All of the data is to be printed exactly, though the images must be left off.

Content starts

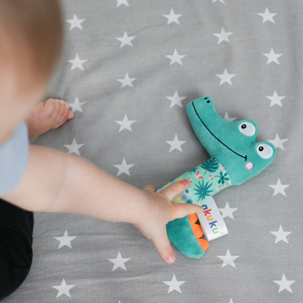 Jucarie de plus cu chitaitoare Akuku Crocodil 14x4 cm
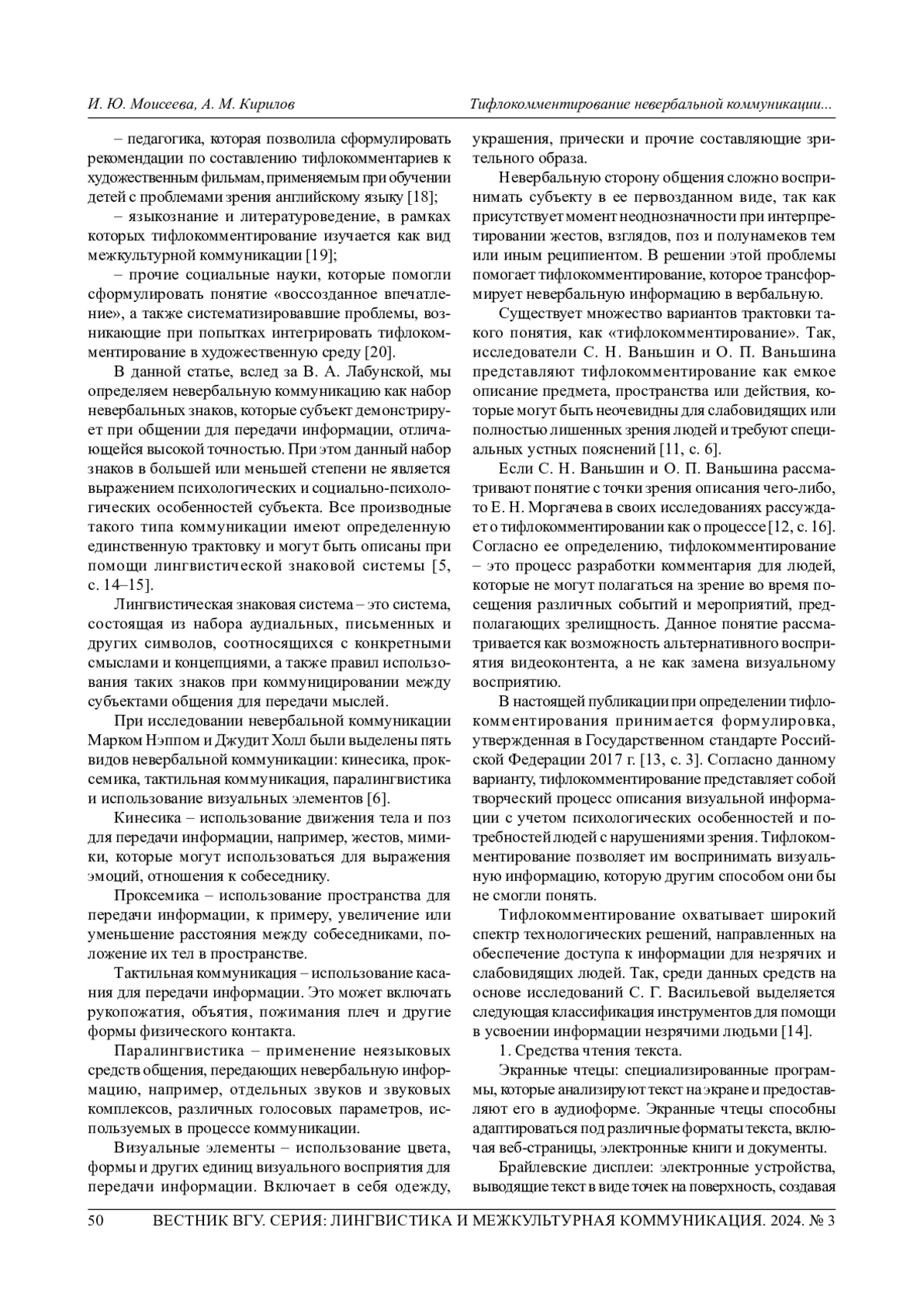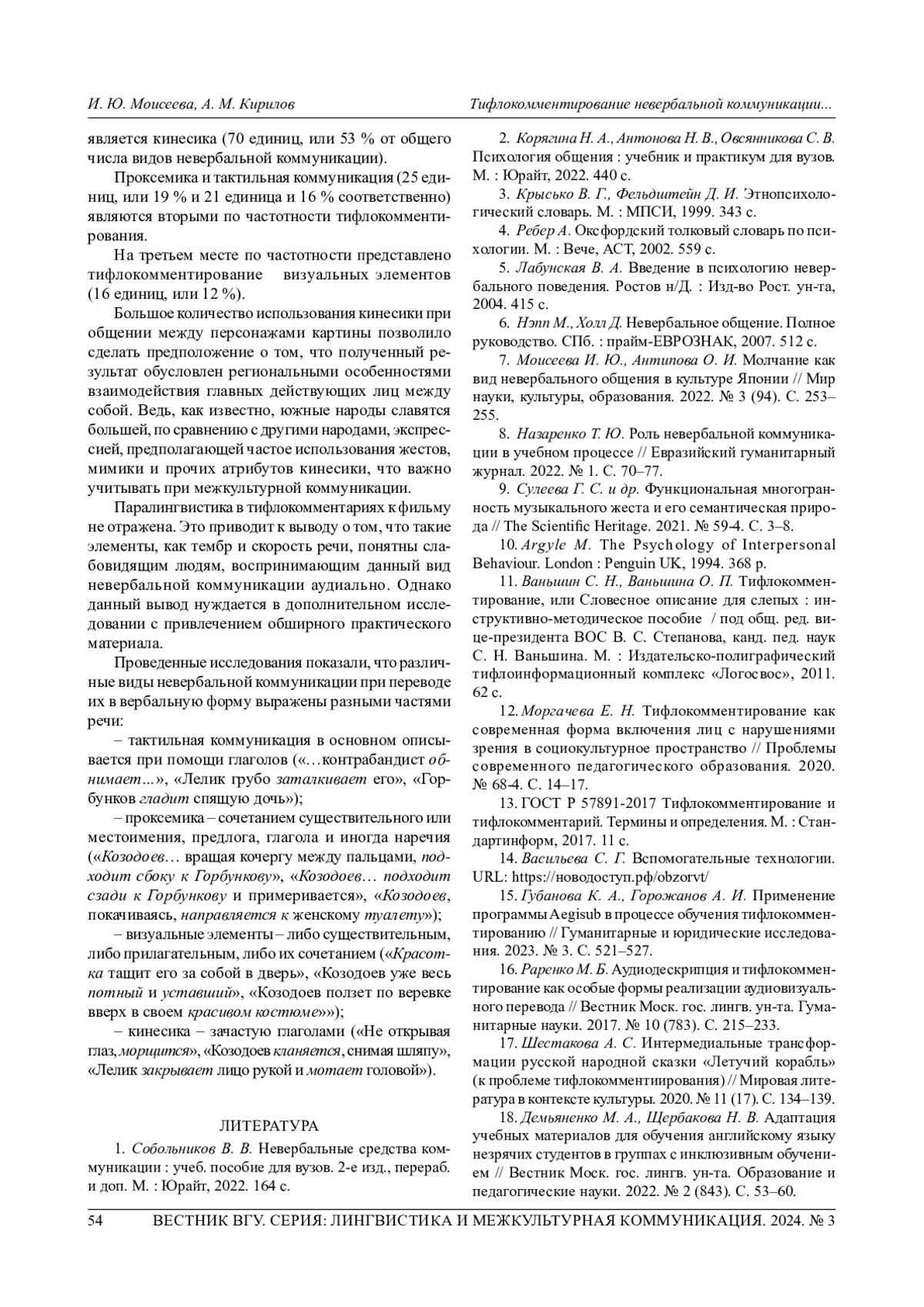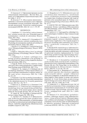 19. 	Гринкевич Е. А. Тифлокомментирование как вид межкультурной коммуникации // Вестник Моск. гос. лингв. ун-та. Образование и педагогические науки. 2022. № 3 (844). С. 22-27. EDN: NSDGST
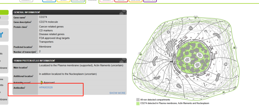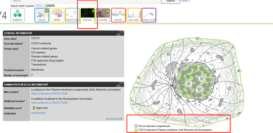 接下来我们可以点击subcell看看细胞定位的情况,可以看到绿色的就是有检测到目的蛋白表达的位置。Reliability score一栏看到注明了半个圆形,这里也是表示数据的可靠程度。
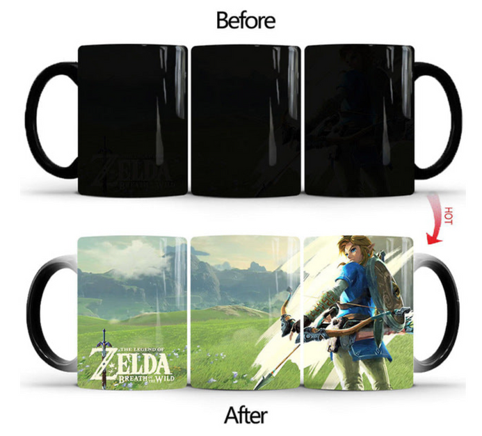 # Taza Zelda Change Color 2 Taza termosensible que cambia de color con la temperatura, inspirada en el universo de The Legend of Zelda. Disfruta de tu bebida favorita mientras observas cómo el diseño se transforma ante tus ojos. Perfecta para fans de la saga que buscan un artículo funcional y coleccionable. Ideal como regalo o para uso personal. Capacidad estándar, apta para bebidas calientes y frías.
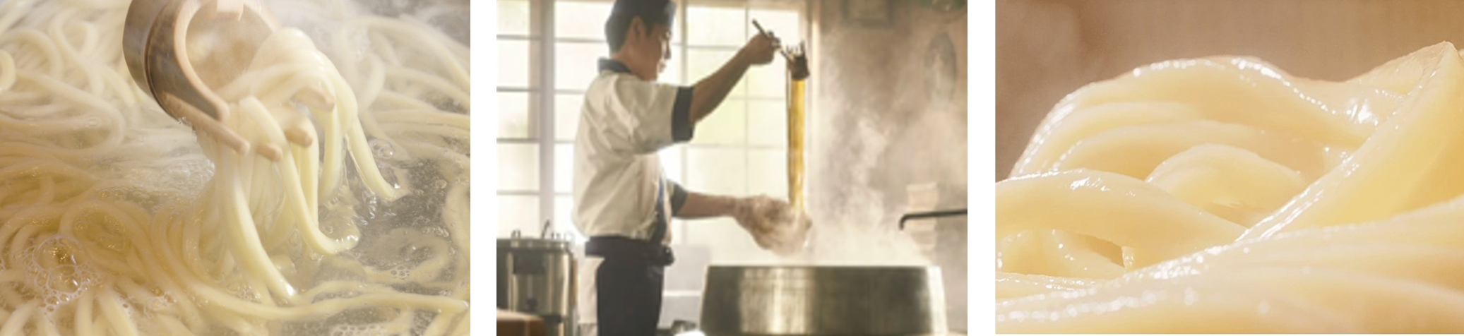 技と感性を磨いた「麺職人たち」が、100%国産の小麦粉を毎日打ち、その場で麺を切って、茹でて、つくりたてをお客さまに提供しているからこそ、独自のもちもちの食感とおいしさを守り続けることができているのです。
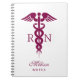 Personalised notebook with a stylish red cadaceus symbol with the letters R N on either side. Simple minimalist design.
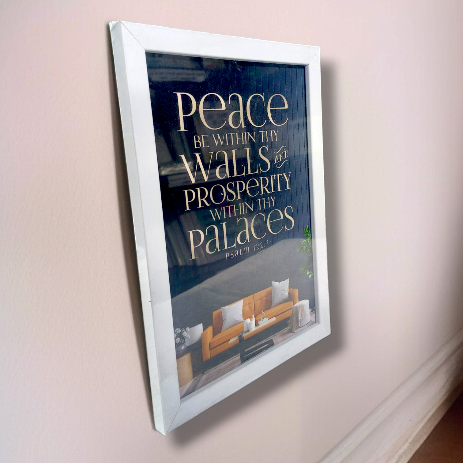What distinguishes this frame is the inclusion of the heartfelt and hopeful verse from Psalm 122:7: "Peace be within your walls and prosperity within your palaces." This timeless scripture offers a powerful message of well-wishes and blessings for the home and all who dwell within it. Displaying this verse serves as a daily affirmation of these desires, fostering an atmosphere of tranquility and abundance in your living space.
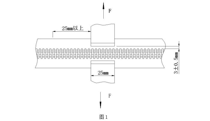 8.2.2、測試步驟取長(cháng)度大于 75mm 的拉鏈樣本一段,裝夾在上述夾具中,裝夾時(shí)應將鏈牙腳和夾具的夾口部位對齊緊靠(如圖 1)。啟動(dòng)材料試驗機,測試至脫牙或者布帶破損為止,此時(shí)顯示的最大數值即為碼裝的平拉強力值,采取多次測試取有效范圍值。
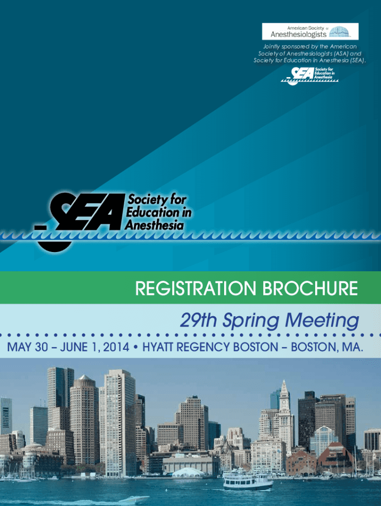 Jointly sponsored by the American Society of Anesthesiologists (ASA) and Society for Education in Anesthesia (SEA).REGISTRATION BROCHURE 29th Spring Meeting MAY 30 JUNE 1, 2014, HYATT REGENCY BOSTON
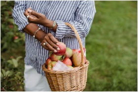 Woman harvesting apples in a rural orchard, showca
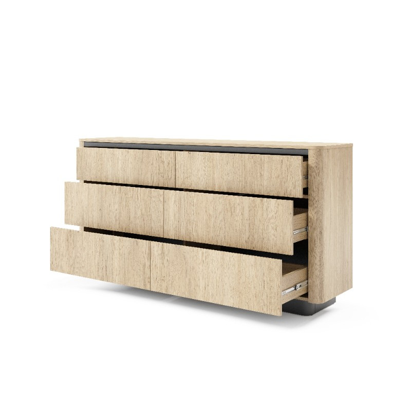 Komoda Torro 163 6s to przestronny mebel, który łączy nowoczesny design z funkcjonalnością, doskonale sprawdzający się w sypialni, salonie czy przedpokoju. Z szerokością 163,2 cm, wysokością 82,9 cm i głębokością 38,1 cm oferuje sześć pojemnych szuflad, które zapewniają wygodne przechowywanie różnych przedmiotów – od ubrań po drobiazgi codziennego użytku. Wykonana z płyty wiórowej laminowanej w kolorze dąb cremona, komoda ma elegancki wygląd, a czarne akcenty, takie jak cokół i ozdobna listwa, dodają jej charakteru. System push-to-open pozwala na bezuchwytowe otwieranie szuflad, co nadaje meblowi minimalistyczny i nowoczesny wygląd. Kulkowe prowadnice z pełnym wysuwem oraz zawiasy bliźniacze zapewniają płynność i komfort użytkowania, a cichy domyk zwiększa wygodę. Komoda Torro 163 6s to świetny wybór dla osób, które szukają funkcjonalnego mebla z ponadczasowym designem, który będzie służył przez wiele lat.

Content ends

REPLY TO THE TASK:
 Jucarie de plus cu chitaitoare Akuku Crocodil 14x4 cm
 19. 	Гринкевич Е. А. Тифлокомментирование как вид межкультурной коммуникации // Вестник Моск. гос. лингв. ун-та. Образование и педагогические науки. 2022. № 3 (844). С. 22-27. EDN: NSDGST
 接下来我们可以点击subcell看看细胞定位的情况,可以看到绿色的就是有检测到目的蛋白表达的位置。Reliability score一栏看到注明了半个圆形,这里也是表示数据的可靠程度。
 # Taza Zelda Change Color 2 Taza termosensible que cambia de color con la temperatura, inspirada en el universo de The Legend of Zelda. Disfruta de tu bebida favorita mientras observas cómo el diseño se transforma ante tus ojos. Perfecta para fans de la saga que buscan un artículo funcional y coleccionable. Ideal como regalo o para uso personal. Capacidad estándar, apta para bebidas calientes y frías.
 技と感性を磨いた「麺職人たち」が、100%国産の小麦粉を毎日打ち、その場で麺を切って、茹でて、つくりたてをお客さまに提供しているからこそ、独自のもちもちの食感とおいしさを守り続けることができているのです。
 Personalised notebook with a stylish red cadaceus symbol with the letters R N on either side. Simple minimalist design.
What distinguishes this frame is the inclusion of the heartfelt and hopeful verse from Psalm 122:7: "Peace be within your walls and prosperity within your palaces." This timeless scripture offers a powerful message of well-wishes and blessings for the home and all who dwell within it. Displaying this verse serves as a daily affirmation of these desires, fostering an atmosphere of tranquility and abundance in your living space.
 8.2.2、測試步驟取長(cháng)度大于 75mm 的拉鏈樣本一段,裝夾在上述夾具中,裝夾時(shí)應將鏈牙腳和夾具的夾口部位對齊緊靠(如圖 1)。啟動(dòng)材料試驗機,測試至脫牙或者布帶破損為止,此時(shí)顯示的最大數值即為碼裝的平拉強力值,采取多次測試取有效范圍值。
 Jointly sponsored by the American Society of Anesthesiologists (ASA) and Society for Education in Anesthesia (SEA).REGISTRATION BROCHURE 29th Spring Meeting MAY 30 JUNE 1, 2014, HYATT REGENCY BOSTON
 Woman harvesting apples in a rural orchard, showca
 Komoda Torro 163 6s to przestronny mebel, który łączy nowoczesny design z funkcjonalnością, doskonale sprawdzający się w sypialni, salonie czy przedpokoju. Z szerokością 163,2 cm, wysokością 82,9 cm i głębokością 38,1 cm oferuje sześć pojemnych szuflad, które zapewniają wygodne przechowywanie różnych przedmiotów – od ubrań po drobiazgi codziennego użytku. Wykonana z płyty wiórowej laminowanej w kolorze dąb cremona, komoda ma elegancki wygląd, a czarne akcenty, takie jak cokół i ozdobna listwa, dodają jej charakteru. System push-to-open pozwala na bezuchwytowe otwieranie szuflad, co nadaje meblowi minimalistyczny i nowoczesny wygląd. Kulkowe prowadnice z pełnym wysuwem oraz zawiasy bliźniacze zapewniają płynność i komfort użytkowania, a cichy domyk zwiększa wygodę. Komoda Torro 163 6s to świetny wybór dla osób, które szukają funkcjonalnego mebla z ponadczasowym designem, który będzie służył przez wiele lat.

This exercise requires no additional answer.